Aim of the task:
Transcribe the records that follow. Keep every word exactly, and drop the pictures.

Data provided:
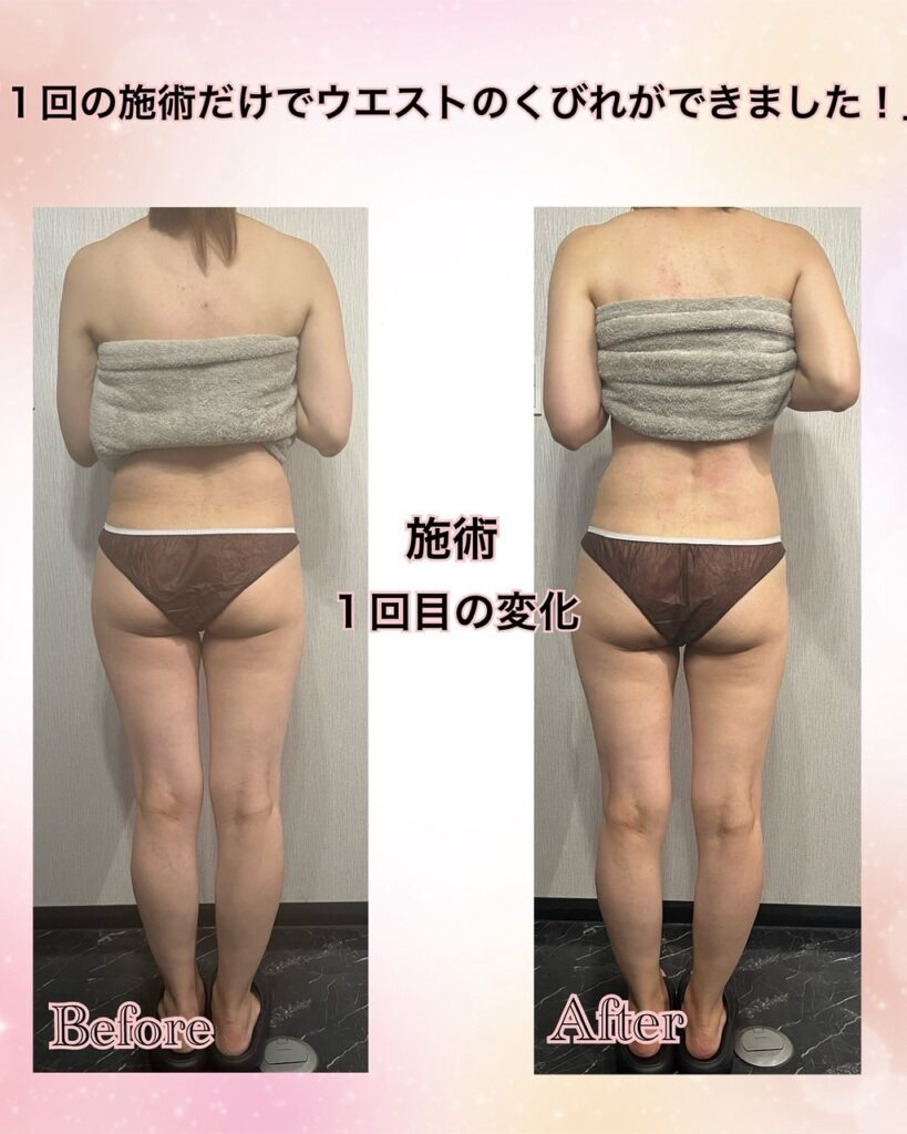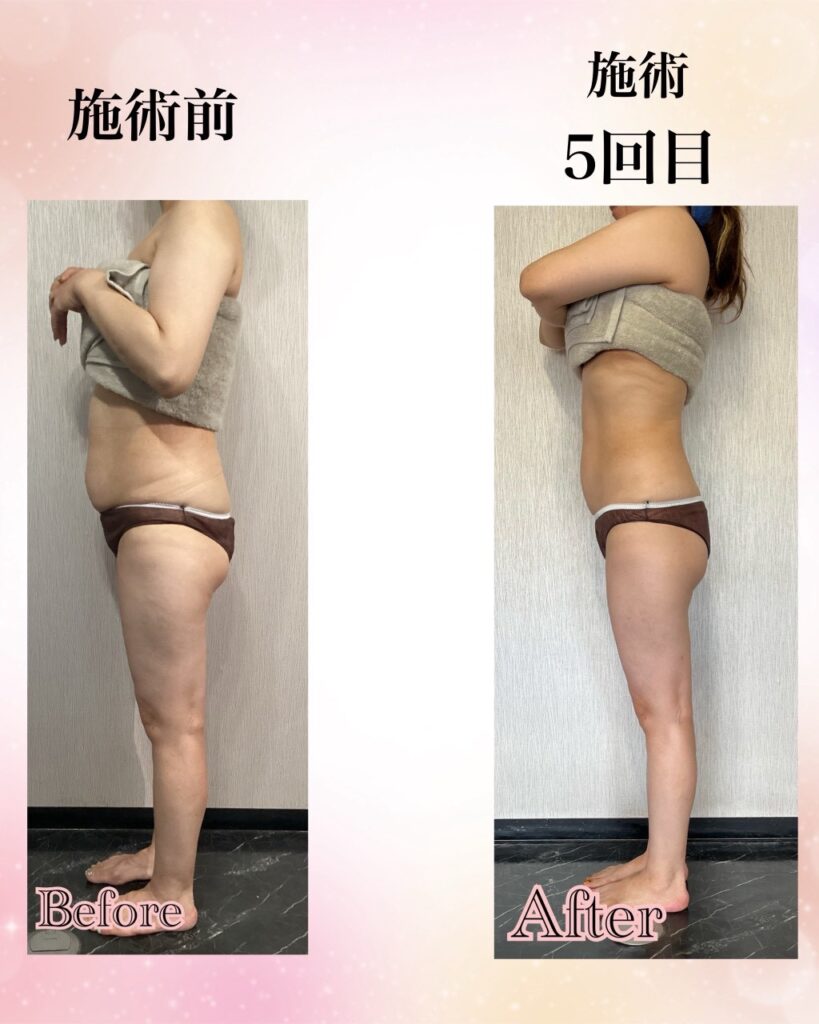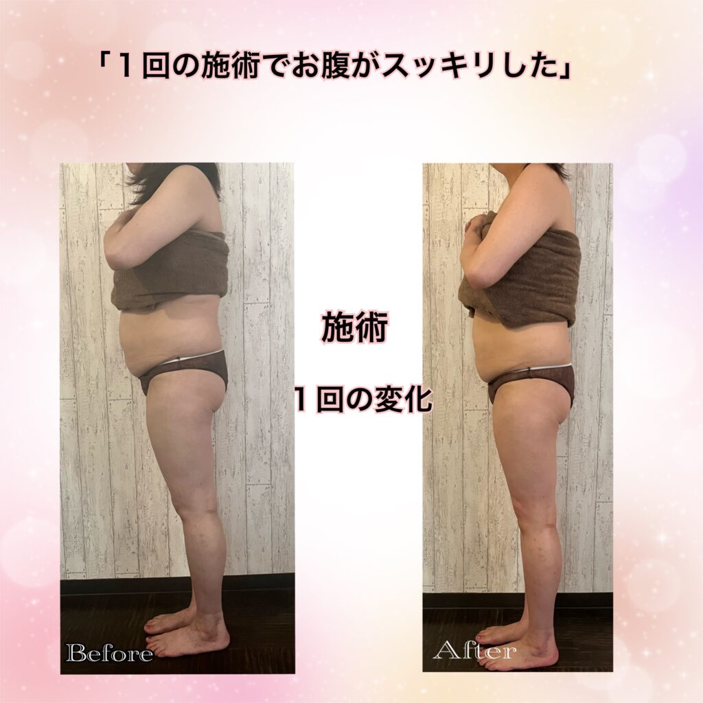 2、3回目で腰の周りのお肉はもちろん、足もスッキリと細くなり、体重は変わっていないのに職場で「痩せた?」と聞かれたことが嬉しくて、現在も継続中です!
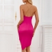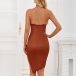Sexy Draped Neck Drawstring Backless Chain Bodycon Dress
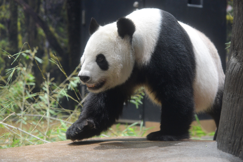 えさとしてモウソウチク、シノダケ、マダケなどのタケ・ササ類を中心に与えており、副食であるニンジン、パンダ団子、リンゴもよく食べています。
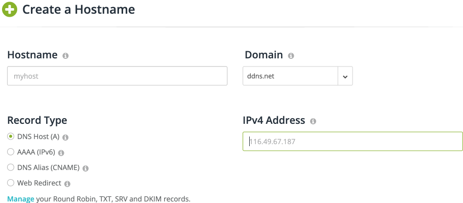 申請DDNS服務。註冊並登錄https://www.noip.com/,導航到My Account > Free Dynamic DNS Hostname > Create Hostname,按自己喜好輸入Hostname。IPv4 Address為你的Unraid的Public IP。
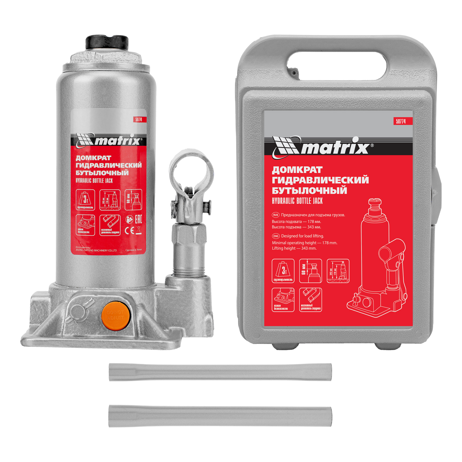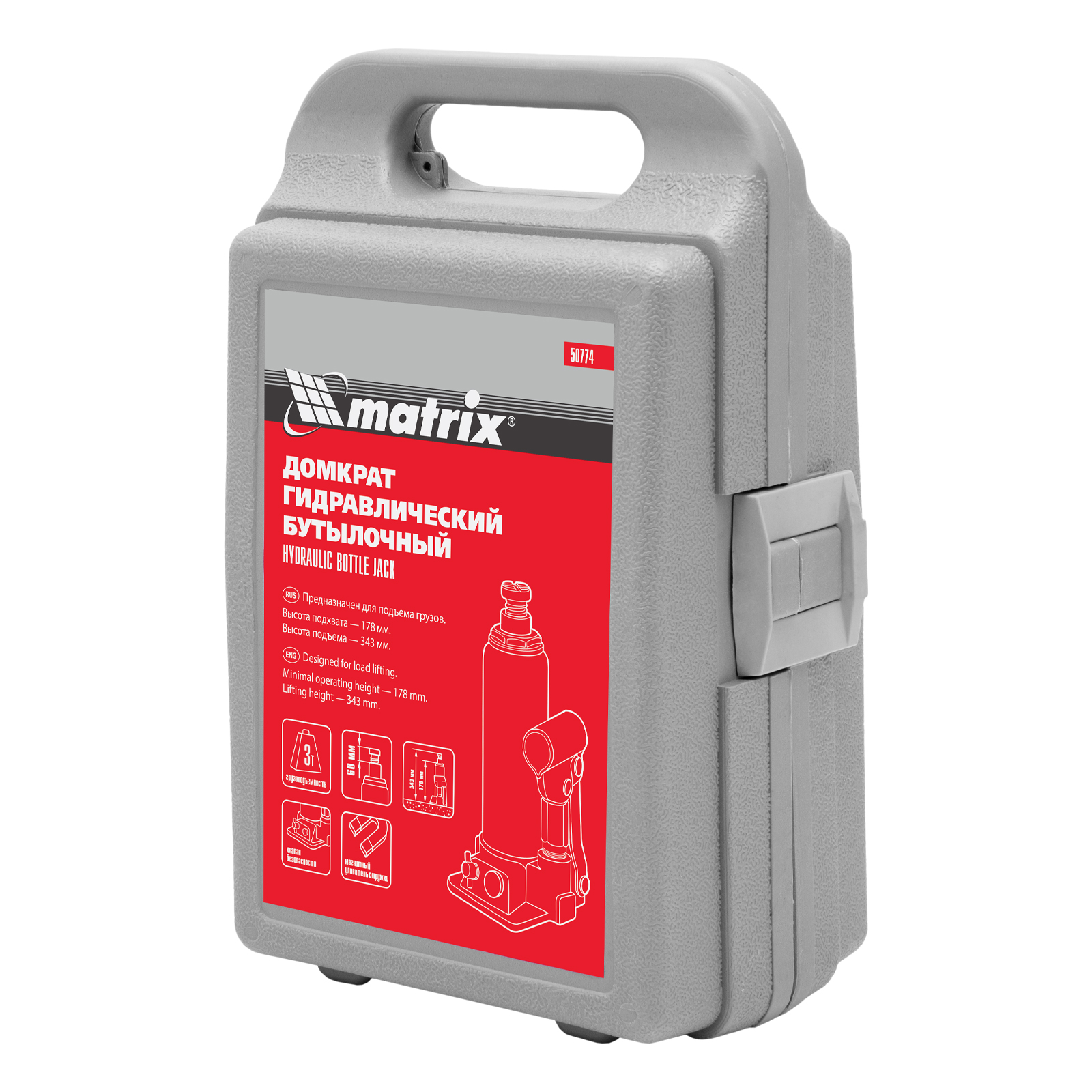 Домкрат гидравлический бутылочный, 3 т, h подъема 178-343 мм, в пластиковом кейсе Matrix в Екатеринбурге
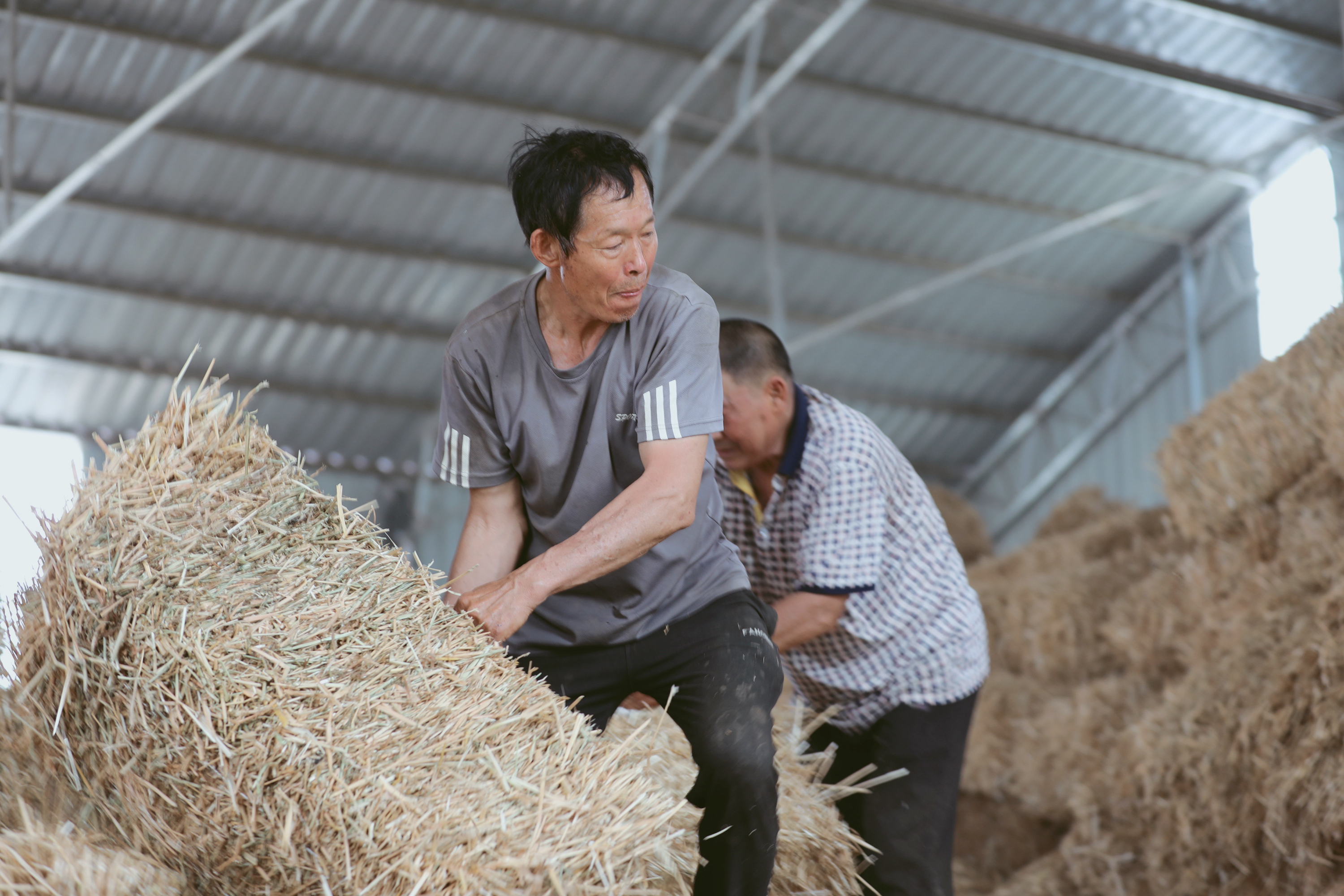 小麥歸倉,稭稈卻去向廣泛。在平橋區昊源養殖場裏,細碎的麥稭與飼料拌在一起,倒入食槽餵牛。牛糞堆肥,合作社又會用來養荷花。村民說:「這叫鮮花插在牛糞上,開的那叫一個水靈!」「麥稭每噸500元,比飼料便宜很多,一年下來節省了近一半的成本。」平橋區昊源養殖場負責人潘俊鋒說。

Response to the task:
 2、3回目で腰の周りのお肉はもちろん、足もスッキリと細くなり、体重は変わっていないのに職場で「痩せた?」と聞かれたことが嬉しくて、現在も継続中です!
Sexy Draped Neck Drawstring Backless Chain Bodycon Dress
 えさとしてモウソウチク、シノダケ、マダケなどのタケ・ササ類を中心に与えており、副食であるニンジン、パンダ団子、リンゴもよく食べています。
 申請DDNS服務。註冊並登錄https://www.noip.com/,導航到My Account > Free Dynamic DNS Hostname > Create Hostname,按自己喜好輸入Hostname。IPv4 Address為你的Unraid的Public IP。
 Домкрат гидравлический бутылочный, 3 т, h подъема 178-343 мм, в пластиковом кейсе Matrix в Екатеринбурге
 小麥歸倉,稭稈卻去向廣泛。在平橋區昊源養殖場裏,細碎的麥稭與飼料拌在一起,倒入食槽餵牛。牛糞堆肥,合作社又會用來養荷花。村民說:「這叫鮮花插在牛糞上,開的那叫一個水靈!」「麥稭每噸500元,比飼料便宜很多,一年下來節省了近一半的成本。」平橋區昊源養殖場負責人潘俊鋒說。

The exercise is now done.